Guernica: Do you think making art is about pushing into that space, even if it’s not exactly safe?
Eiko Otake: It’s not just me. Think about all the visual artists who use hazardous materials. We are vulnerable to our own desires, and one person’s line is different from another’s, but that line within the same person changes, too. Every artist, every scientist, every mother grapples with this: “Where is my boundary?”
The line is not solid, and sometimes determined by one’s own discipline, but often bound by available choices and which direction one is looking and how calmly. Sometimes, at the train station, I’d be very close to people and other times I’d be invisible amid the crowd, so what I’m gaining and losing also shifts. That’s what’s beautiful about being outside the theater: I lose control, but I try to work with that.
At Philadelphia Station, where the piece premiered, I was first shocked that I did not gain much attention from the passersby during the rehearsals. When I realized not many people were watching me, I wondered why. I then realized it was because people thought it was a photo shoot rather than a performance. Only when movement is watched by people does it become something to be watched. It is as John Cage defined music: as sound conceived to be heard. If I’m not presenting my movement as something to be seen, nobody thinks of it as something they want to watch. What is not considered interesting is seen as not interesting. But if there were enough people already watching me in a performance, it signaled to the passersby that something was happening that they might want to pay attention to. It is the viewers who make a dancer a performer and her movement a performance.
Guernica: What do you struggle with, and what gives you pleasure?
Eiko Otake: Pleasure comes when desires are being met. A bowl of rice tastes amazing when you’re hungry. When I saw the photographs from Fukushima, I didn’t want to look at them because that whole experience was hard for me. But once I had a little time to digest it, when I looked at those photographs, I recognized their substance, which came about precisely because of what a hard time I had been having. I didn’t do anything special there; it is the same Eiko with her dance. But what made it special for me was the context of the place and what had happened there before I was there. My disgust and shock while being there despite knowing the situation beforehand made dancing there memorable. I was crying a lot and I felt I couldn’t move. I wanted to leave and go home. It took me a long time before I could prompt myself to dance. I remember that sense of being totally overwhelmed—and to this day I am still overwhelmed—and that, strangely, gives me some satisfaction when I look at those photographs as something that came out of such difficulty.
When someone shares with me their experience of something profound that happened to them at one of my performances in a way that does not seem like flattery, that gives me deep pleasure.
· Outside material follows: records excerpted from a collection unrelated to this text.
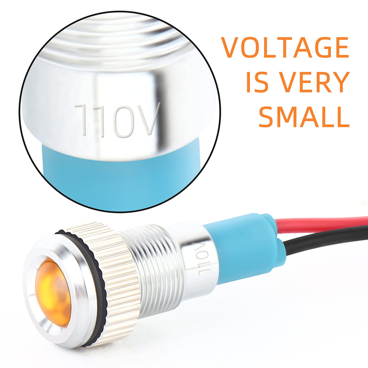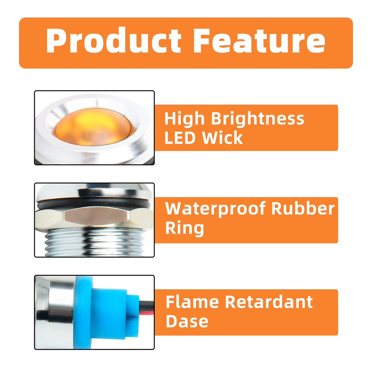 PRODUCT FEATURE 1.Rated Voltage: AC/DC 12 Volt; Mounting Hole Diameter: 12mm; Cable Length: 150mm / 6.00 inch 2.Product Features:Waterproof Rating: IP65; Service Life: 10000 Hours; Body Material: Chrome Plated Brass 3.Easy to Use:Energy saving and low maintenance cost. Flush mount for easy connection and strong conductivity. Simply drill a hole and install with nut and washer. 4.Application Range:For use as brake light, speedometer, tachometer, gauge cluster, check engine indicator, high beam indicator, shifter lights and dashboard lights. 5.Indicator Light:These panel mount pilot lights are sure to give you a visual status cue of any indexing signal, anticipating signals, emergency signal and other indexing signals.
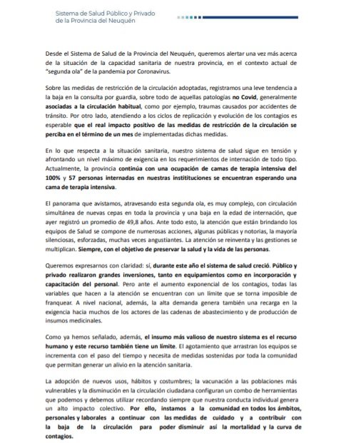 Los integrantes y representantes del sistema de salud tanto público como privado de la provincia de Neuquén, en el contexto de la segunda ola de la pandemia por coronavirus, alertaron una vez más, sobre la situación de la capacidad sanitaria.
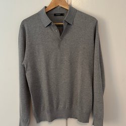 Polo à manches longues Paul & friends gris-bleu, taille M
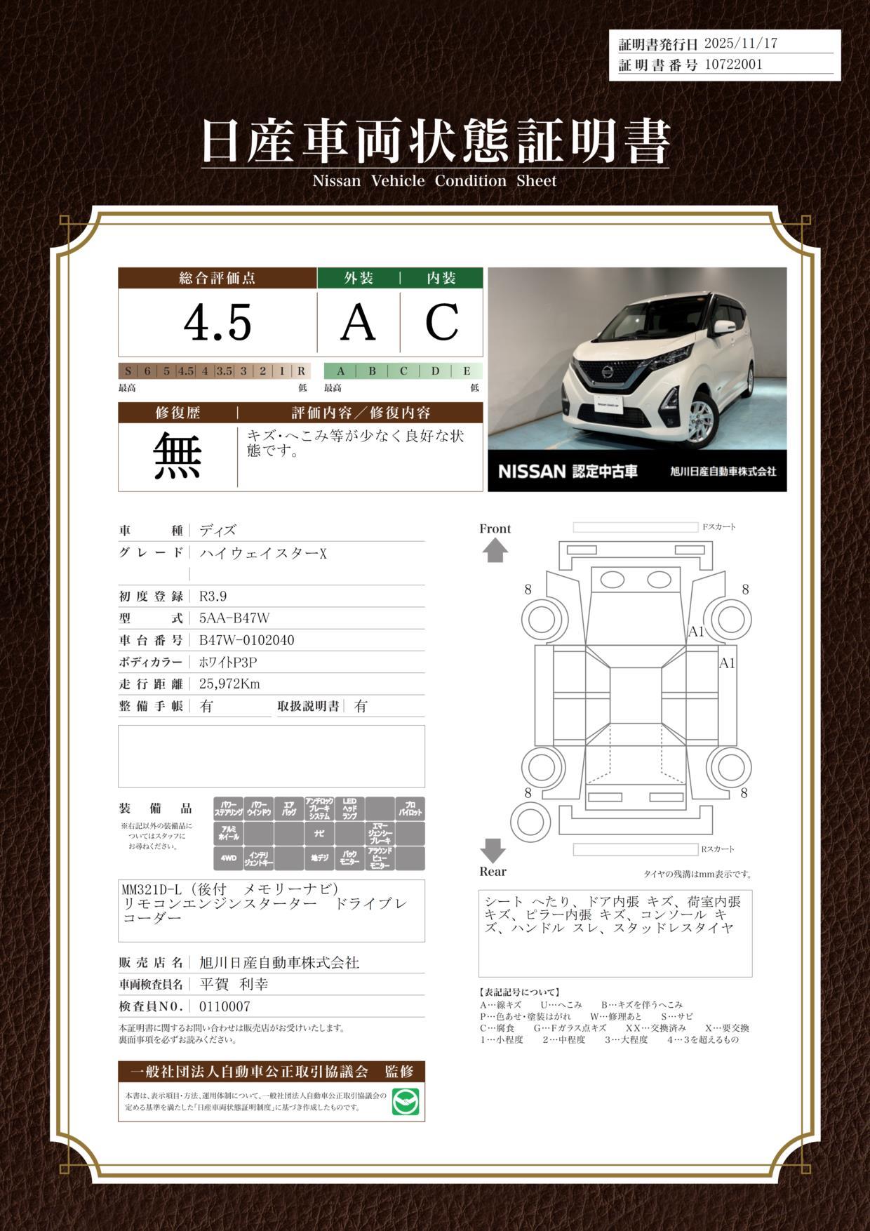 車両保証(デイズ ハイウェイスター X プロパイロットエディション:旭川日産自動車(株)カーパーク神居)

I’m not working to please, but to connect. We are not changing the world that much, but we are engaged in something human—dancing, watching, planning, befriending the security guards who work at a station.
I certainly think a big city like this could use those human acts. When I’m walking in the East Village and I see young artists filming something, I have a little smile thinking of how those people are just watching the street in their own creative, imaginative eyes. By imagining what they are seeing, I am that much richer. It doesn’t cost me anything to imagine. These are all no-cost acts in which we can engage, and it makes my city my city, and it makes my place my place.